Mr Dean took a warm interest in public affairs, and was a fearless partisan. He was the oldest total abstainer in Launceston, and supported the temperance cause liberally with his purse as well as by his example and precept. Shortly after his arrival in Launceston he contributed £50 towards the establishment of the Temperance Advocate, long since defunct, and he bought the allotment in York-street on which the Temperance Hall was subsequently erected. When Good Templarism was at its height he gave £25 in prizes for essays upon the aims and objects of the Order, which were given away at a Good Templar celebration in the old Pavilion in the City Park, and he also gave £50 towards the Juvenile Industrial Exhibition so successfully held in the old Oddfellows' Hall in St. John street. It is no breach of confidence now to state that it was his hand that initiated the movement for an Industrial Exhibition, which was so vigorously taken up by Alderman Button, and has developed into the Tasmanian Exhibition we hope to successfully open in Launceston in October next. Mr Dean was a valued contributor to the press. A series of ten articles over his well-known signature, "B," " Tasmania as a Field for Immigration," were republished in a home paper, and did much to bring the colony into notice, and amongst other contributions were an interesting series on "Bushranging in Tasmania," and "Brady and His Associates," besides innumerable old reminiscences, and vigorous letters.

Mr Dean was married to a daughter of the late Mr Best, of West Devonport, who survives him, and has left five sons, of whom Alderman H. J. Dean is the eldest, and three daughters, one of whom is married. The funeral will take place tomorrow, the cortege arriving at Tamar-street bridge at 4 p.m. (Examiner (Launceston), 20 January 1891)
_______________________


William Boswell Dean, whose father had been both a miller in Kent and a manufacturer of ships biscuits at the Royal Arsenal Works, Deptford, came to Launceston in 1839, having baked briefly in Port Nicholson (Wellington) New Zealand and manufactured biscuits by contract for Backer and Sons in Sydney. He erected the Phoenix Bakery, St John Street in 1840 and was one of the first Launceston bakers to import biscuit-making machinery from London. In 1847 he was selling kiln dried ships' bread 16/- per 100 lbs (45kg) first quality and at the Great Exhibition in London in 1851 his biscuits were highly praised by the Lords of the Admiralty although recognition was otherwise hard to come by.

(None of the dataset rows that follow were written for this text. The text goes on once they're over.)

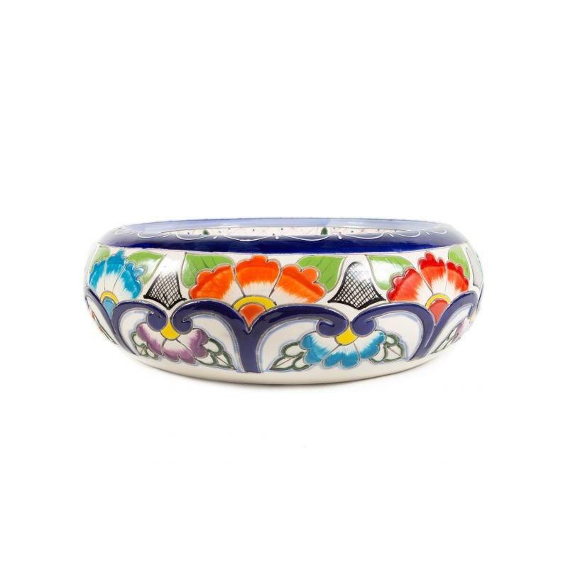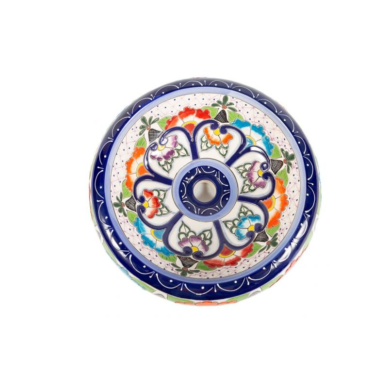 Okrągła meksykańska umywalka nablatowa ręcznie malowana.
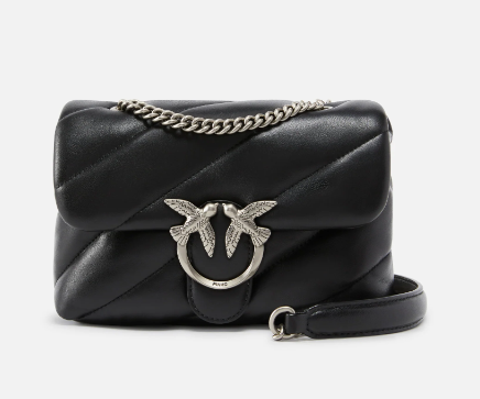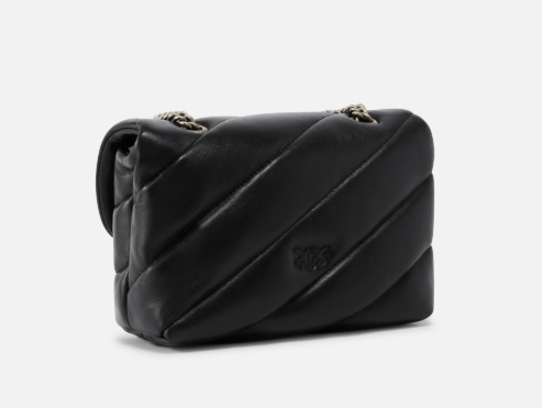 Mini Love Bag Puff in morbida nappa con maxi trapuntatura obliqua. La chiusura è completata dall'iconica fibbia in metallo Love Birds Diamond Cut. L'interno è foderato in microfibra scamosciata e comprende tramezza chiusa con zip e tasca a parete. La tracolla combina la classica catena metallica rotonda al pratico spallaccio in nappa.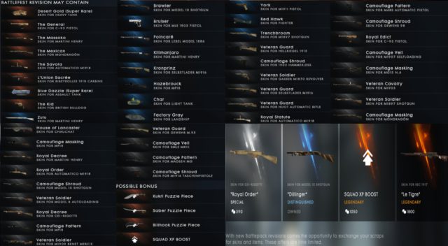 Zum Battlefest hat DICE wieder eine neue Spezial Revision der Battlefield 1 Battlepacks veröffentlicht. Die neue Revision hat die Nummer 25, in der insgesamt 44 neue Skins und drei Bonusitems enthalten sind. Von diesen 44 Skins sind 26 gewöhnlich, 10 höherwertig und 8 legendär. Auch dieses mal sind 5 der insgesamt 44 Skins Fahrzeugskins.
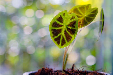 Colocasia affinis foliage, tropical leaf in forest, Young seedlings are growing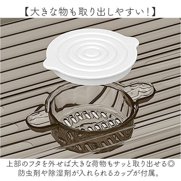 ・上部のフタを外せば大きな荷物もサッと取り出せる◎防虫剤や除湿剤が入れられるカップが付属。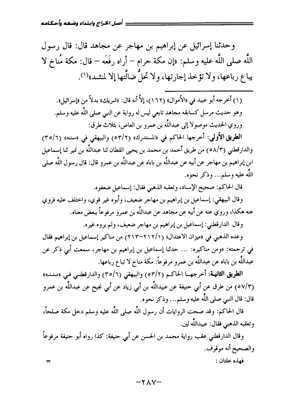 وَحَدَّثَنَا إِسْرَائِيلُ عَنْ إِبْرَاهِيمَ بْنِ مُهَاجِرٍ عَنْ مُجَاهِدٍ قَالَ: قَالَ رَسُولُ اللَّهِ - صَلَّى اللَّهُ عَلَيْهِ وَسَلَّمَ -: " «إِنَّ مَكَّةَ حَرَامٌ - أَرَاهُ رَفَعَهُ - قَالَ: مَكَّةُ مُنَاخٌ لَا يُبَاعُ رِبَاعُهَا، وَلَا تُؤْخَذُ إِجَارَتُهَا، وَلَا تَحِلُّ ضَالَّتُهَا إِلَّا لِمُنْشِدٍ» ".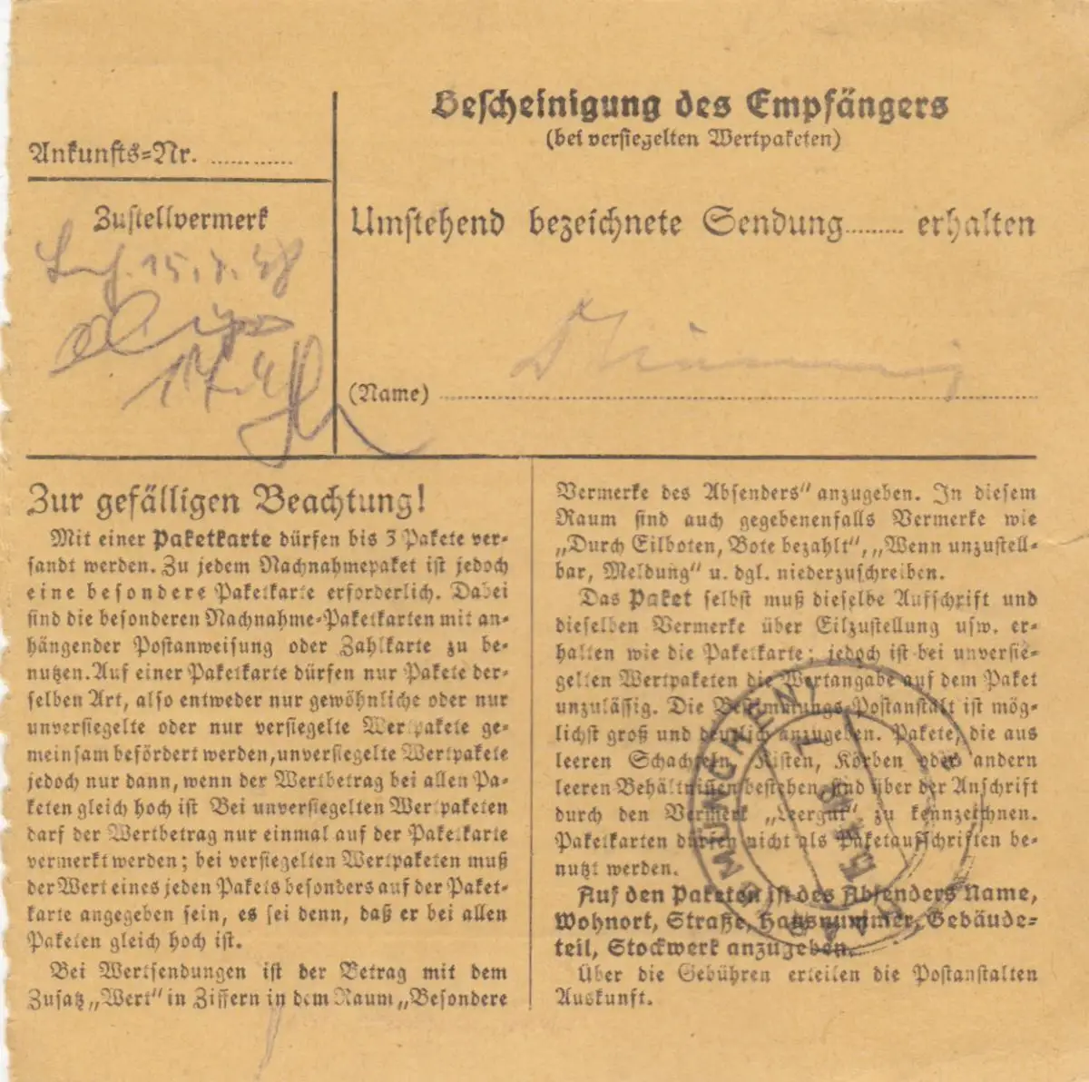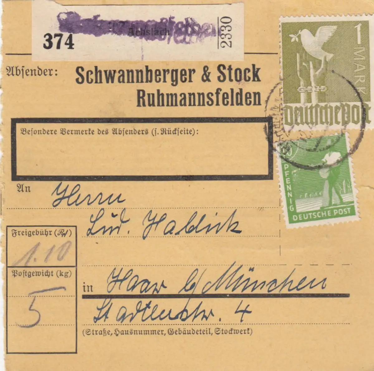 Carte de paquet 1948: Ruhmannsfelden, Schwannberger + Stock, Auto-booker

In the 1850s Dean became interested in coal mining on the North West Coast. By 1855 he had signed a contract to supply the Adelaide Smelting Company with 20,000 tons of coal per year, and had built a tramway covering the 2 miles (3.2km) between his mine and the Mersey River. During this time Richard Pescodd operated Dean's bakery, advertising it in 1858 as The Tasmanian Steam Bakery. Pescodd had previously been in partnership with F.B. Sim, who was now a crumpet and muffin maker, and they had received a second class medal for biscuits at The Paris Exhibition of 1855. In 1862 W.B. Dean returned to his bakery and by 1879 he was offering the public not only meal, brown and lime bread, real country or chalk farmhouse bread, French cottage and fancy bread, French and English rolls, batch and breakfast cakes, Scotch cookies, London cobs and oatmeal bannocks and Parisian curly rolls all made from sea water with its healing qualities, jellies and ice creams, but also hot and cold baths. He provided customers visiting either the special room for ladies or the Lunch and Smoking Rooms with all the Australian papers as well as San Francisco, New York and British papers.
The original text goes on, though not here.